Constipation (another common problem during pregnancy) can also cause or aggravate hemorrhoids because you tend to strain when having a hard bowel movement, and straining leads to hemorrhoids.

In addition, an increase in the hormone progesterone during pregnancy relaxes the walls of your veins, allowing them to swell more easily. Progesterone also contributes to constipation by slowing down your intestinal tract.

Hemorrhoids are particularly common in the third trimester. Some women get them for the first time while they’re pregnant. And if you’ve had them before pregnancy, you’re more likely to have them again now. They may also develop while you’re pushing during the second stage of labor.

It’s not uncommon to develop a “thrombosed” hemorrhoid, which is a blood clot that forms inside the hemorrhoid, leading to an especially large and swollen lump. This type of hemorrhoid can be quite painful and makes it hard to walk, sit, or have a bowel movement.

Discomfort or bleeding from hemorrhoids is also a common complaint during the early postpartum period. In most cases, however, hemorrhoids that developed during pregnancy go away soon after you give birth, especially if you’re careful to avoid constipation.
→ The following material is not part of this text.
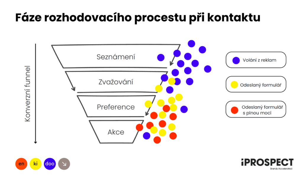 V týmu datových specialistů iProspectu začala vznikat hypotéza, že různé druhy kontaktů (odeslaný formulář, odeslaný formulář s plnou mocí, volání z reklam) přinášejí rozdílný dopad na konečný počet uzavřených smluv. „Hypotéza o odlišném dopadu kontaktů stála na myšlence, že různí uživatelé se nacházejí při kontaktu v různých částech rozhodovacího procesu (seznámení, zvažování, preference, akce). Bylo tedy nutné klasifikovat kontakty podle těchto fází a přiřadit jim obchodní hodnotu,“ říká Barbora Matíková, Senior Programmatic Consultant, iProspect.

How can I avoid getting hemorrhoids?

Here are some ways to prevent (and treat) hemorrhoids:

  • First and foremost, take steps to avoid becoming constipated: Eat a high-fiber diet (plenty of whole grains, beans, fruits, and vegetables), drink plenty of water (about 10 8-ounce cups a day), and get regular exercise (as long as your provider says it’s okay). If you’re already constipated, ask your healthcare provider about taking a fiber supplement or using a stool softener.
  • Don’t wait when you feel the urge to have a bowel movement, and try not to strain.
  • Don’t sit on the toilet longer than necessary because this puts pressure on your rectal area.
  • Do Kegel exercises daily. Kegels increase circulation in the rectal area and strengthen the muscles around the anus, reducing the chance of hemorrhoids. They also strengthen and tone the muscles around the vagina and urethra, which can help your body recover after you give birth.
  • Don’t sit or stand for long stretches of time. If your job involves sitting at a desk, get up and move around for a few minutes every hour or so. At home, lie on your left side when sleeping, reading, or watching TV to take the pressure off your rectal veins and increase blood return from the lower half of your body.

What else can I do for hemorrhoid relief?
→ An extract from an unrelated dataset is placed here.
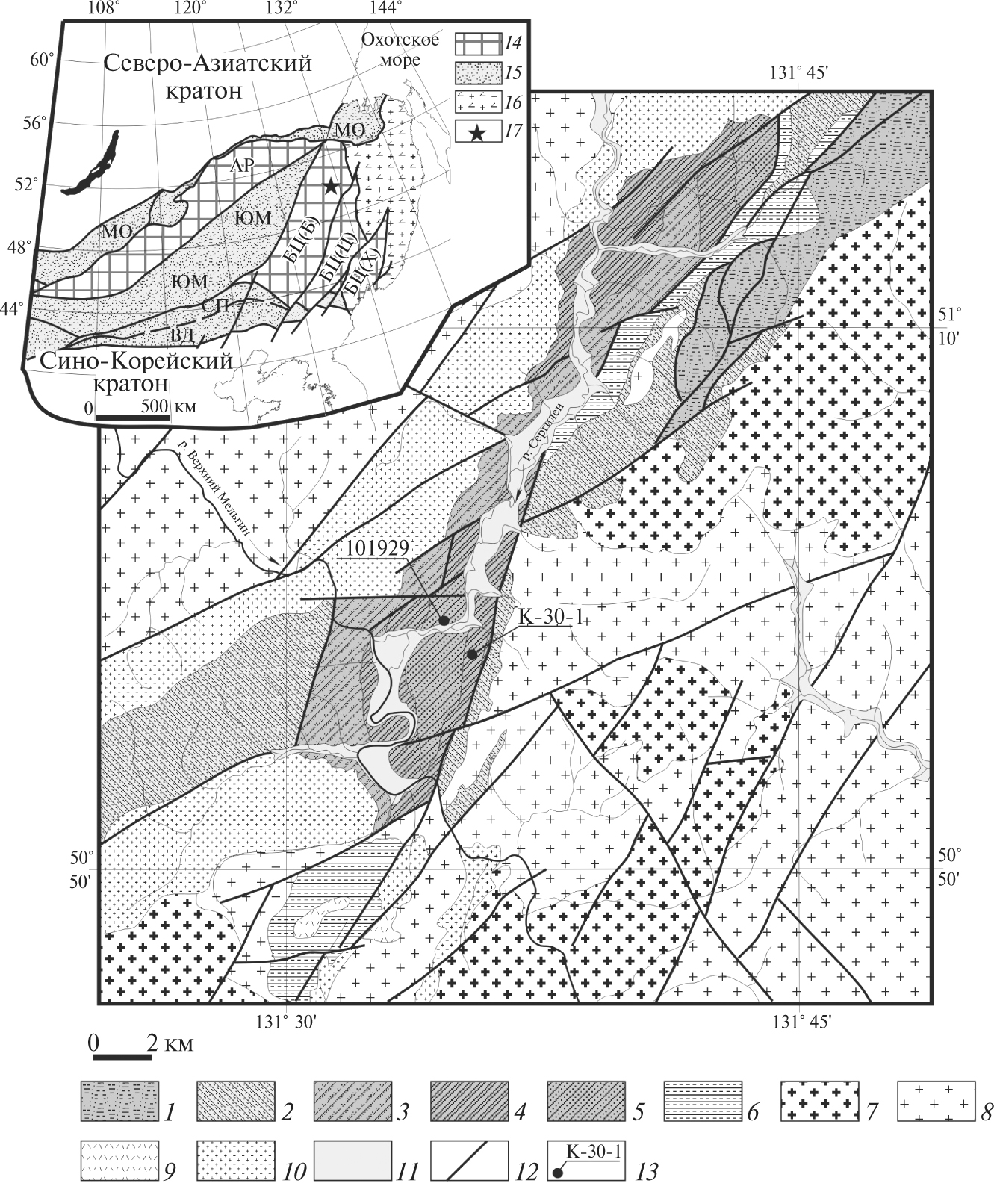 Рис. 1. Схематическая геологическая карта фрагмента Буреинского континентального массива (бассейн р. Верхний Мельгин). Составлена по (Амелин, 2016) с упрощениями авторов. 1 – сланцы слюдистые, часто углеродистые с пластами кварцитов и мраморов условно средне-верхнерифейской нятыгранской свиты; 2 – метапесчаники, метаалевролиты, филлиты условно верхнерифейской туранской серии; 3–5 – терригенно-карбонатные отложения Мельгинского прогиба: 3 – известняки, иногда мраморизованные, доломитизированные вендской мельгинской свиты, 4 – углисто-глинистые, известково-глинистые, серицит-кремнистые сланцы, алевролиты, песчаники, известняки нижнекембрийской чергиленской свиты, 5 – песчаники с прослоями гравелитов и конгломератов нижнекембрийской аллинской свиты; 6 – туфы кислого состава, риолиты и их лавобрекчии условно нижнекаменноугольной амганской свиты; 7 – гранитоиды условно раннепалеозойских кивилийского и суларинского комплексов; 8 – гранитоиды условно позднепалеозойского тырмобуреинского комплекса; 9 – риолиты, трахириолиты средне-позднетриасового таловского комплекса; 10 – гранитоиды позднетриасового–раннеюрского харинского комплекса; 11 – кайнозойские рыхлые отложения; 12 – разломы; 13 – места отбора образцов для геохронологических исследований и их номера. На врезке показано положение исследуемого объекта в структуре восточной части Центрально-Азиатского складчатого пояса [тектоническая основа по (Парфенов и др., 2003)]: 14 – континентальные массивы (супертеррейны): АР – Аргунский, БЦ – Бурея-Цзямусинский (БЦ(Б) – Буреинский террейн, БЦ(Ц) – Цзямусинский террейн, БЦ(Х) – Ханкайский террейн); 15 – палеозойские-раннемезозойские складчатые пояса: ЮМ – Южно-Монгольско-Хинганский, СЛ – Солонкерский, ВД – Вундурмиао, МО – Монголо-Охотский; 16 – позднеюрско-раннемеловые орогенные пояса; 17 – положение объекта исследования.

  • Cold therapy may reduce swelling and discomfort. Apply an ice pack (with a soft covering) to the affected area several times a day. Some women also find cold compresses saturated with witch hazel soothing.
  • Soak your bottom in a tub of warm water for 10 to 15 minutes a few times each day. If you don’t have a bathtub, you can buy a sitz bath at the drugstore. (This is a small plastic basin that you fill with water and position over your toilet so you can sit down and submerge your rectal area.)
  • Try alternating cold and warm treatments.
  • Gently but thoroughly clean the affected area after each bowel movement. Use soft, unscented toilet tissue, which is less irritating than other varieties.
  • Many women find it more comfortable to use pre-moistened, unscented wipes rather than toilet tissue. You can also buy wipes moistened with witch hazel, specifically for treating hemorrhoids.
  • Ask your healthcare provider to recommend a topical anesthetic or medicated suppository that’s safe to use during pregnancy. There are many hemorrhoid relief products on the market, but consult your provider before trying one. And keep in mind that most of these products should be used for no more than a week. (Using a medication for longer than recommended can cause side effects such as skin irritation or thinning.)

When should I call my healthcare provider?

Consult your provider if preventive efforts and home treatments don’t help, or if you have severe pain or rectal bleeding.

In some cases, you may need to see a specialist for treatment to shrink your hemorrhoids. Rarely, minor surgery is necessary.